General characteristics
- Class & type: LSM(R)-501-class landing ship medium
- Displacement: 758 long tons (770 t) light; 993 long tons (1,009 t) attack; 1,175 long tons (1,194 t) full;
- Length: 203 ft 3 in (61.95 m)
- Beam: 34 ft 6 in (10.52 m)
- Draft: 5 ft 4 in (1.63 m) light; 6 ft 9 in (2.06 m) attack; 7 ft 9 in (2.36 m) full;
- Propulsion: 2 × General Motors, nonreversing with airflex clutch, Cleveland diesels, 1,440 bhp (1,074 kW) each at 720 rpm, two screws
- Speed: 13 knots (24 km/h; 15 mph)
- Range: 3,000 nmi (5,600 km) at 13 kn (24 km/h; 15 mph)
- Complement: 6 officers, 137 enlisted
- Armament: 1 × 5"/38 caliber gun; 2 × twin 40 mm AA guns; 4 × twin 20 mm AA guns; 4 × 4.2 in (110 mm) mortars; 20 × continuous loading 5 in (130 mm) Ship-to-shore rocket launchers;
- Armor: 10-lb. STS on conning station, pilot-house, radio room, radar plot, and rocket control; 10-lb. ASPP around 40 and 20 mm gun mounts and directors;

= USS Pee Dee River =

1945 LSM(R)-501-class landing ship medium

USS Pee Dee River (LSM(R)-517), an of the United States Navy, was originally designed as an LSM, but redesignated on 9 February 1945 as LSM(R)–517. She was laid down by Brown Shipbuilding Corporation, in Houston, Texas, on 28 April 1945 and launched 2 June 1945. She was accepted and commissioned on 21 July 1945.

==Service history==
LSM(R)–517 underwent final fitting out at the Charleston Navy Yard in Charleston, South Carolina, and then reported for shakedown 25 August 1945 at Little Creek, Virginia. Assigned to the Amphibious Force, Atlantic Fleet, she conducted training operations out of Little Creek. She was used chiefly to assist in fulfilling amphibious and midshipman training commitments until her deactivation in October 1947.

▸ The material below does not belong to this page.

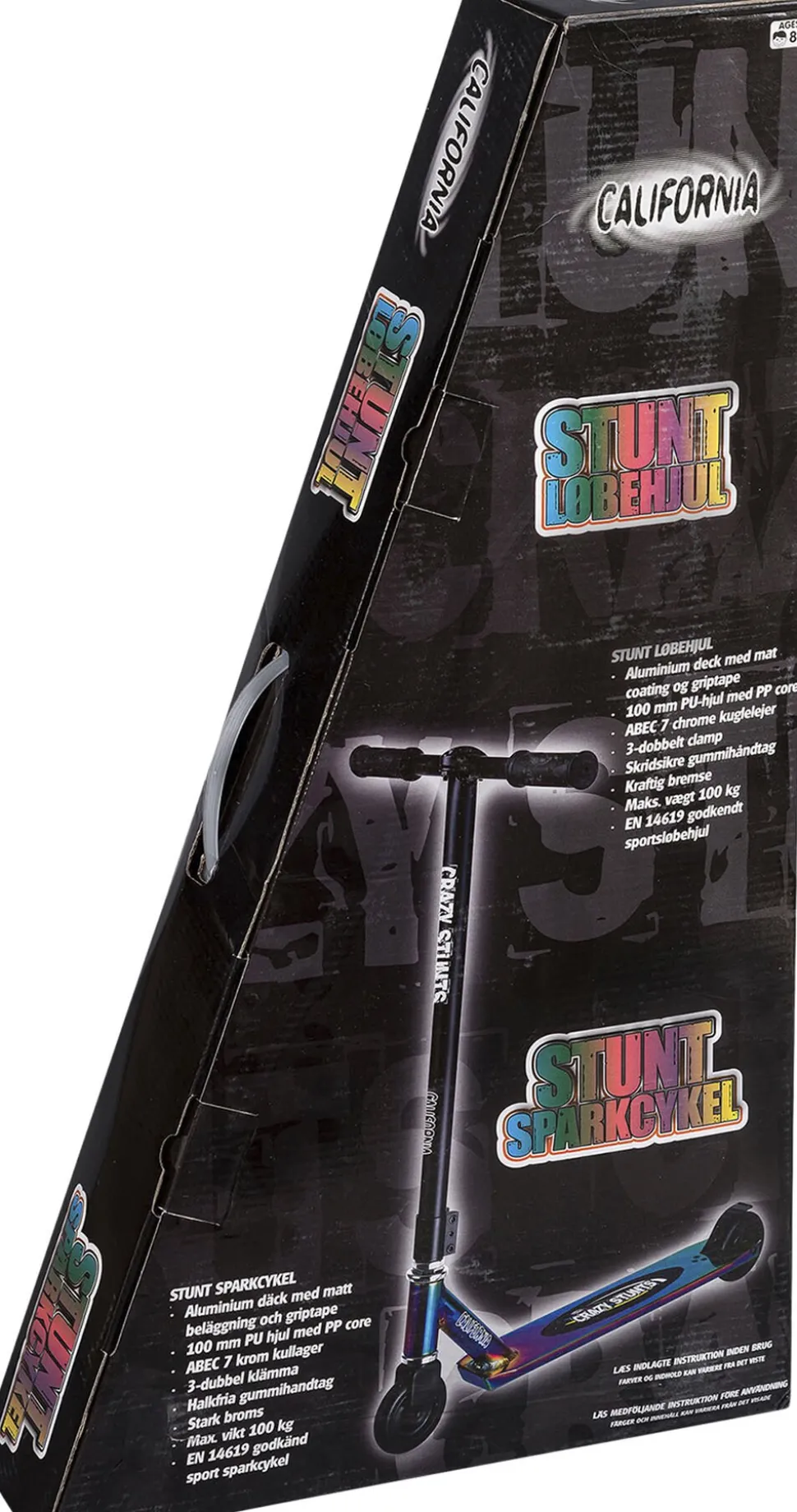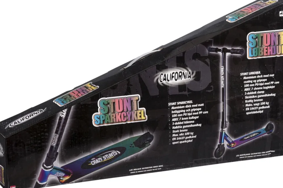 California Crazy Stunts stuntløbehjul Specifikationer: Stærk kvalitet og lækkert design Rainbow aluminiumdeck med griptape 100 mm PU-hjul med PP core ABEC 7 chrome kuglelejer 3-dobbelt clamp Svejseforstærket T-bar Skridsikre gummihåndtag Kraftig bremse Bæreevne: 100 kg EN14619 godkendt sportsløbehjul

Reactivated in September 1954, she called at Fall River, Massachusetts, for repairs and then operated briefly out of Little Creek in the Virginia Capes and Chesapeake Bay Operating Areas. After taking part in LantFlEx 1–55, she departed Little Creek on 1 February 1955 and arrived in Orange, Texas, on 8 February. She decommissioned there on 13 April and was assigned to the Atlantic Reserve Fleet, Texas Group.

Named Pee Dee River on 1 October 1955 while still in reserve status, she remained berthed at Orange, until struck from the Navy Register on 1 February 1960. She was sold on 22 June 1960 to Petrommer Corp., Rockport, Texas, for use as a shallow drilling ship. She was resold in 1989 to Western Sea Inc., of Seattle, Washington, for service as a fish factory ship and renamed Western Sea. Her final fate is unknown, although she is unlikely to be still in service.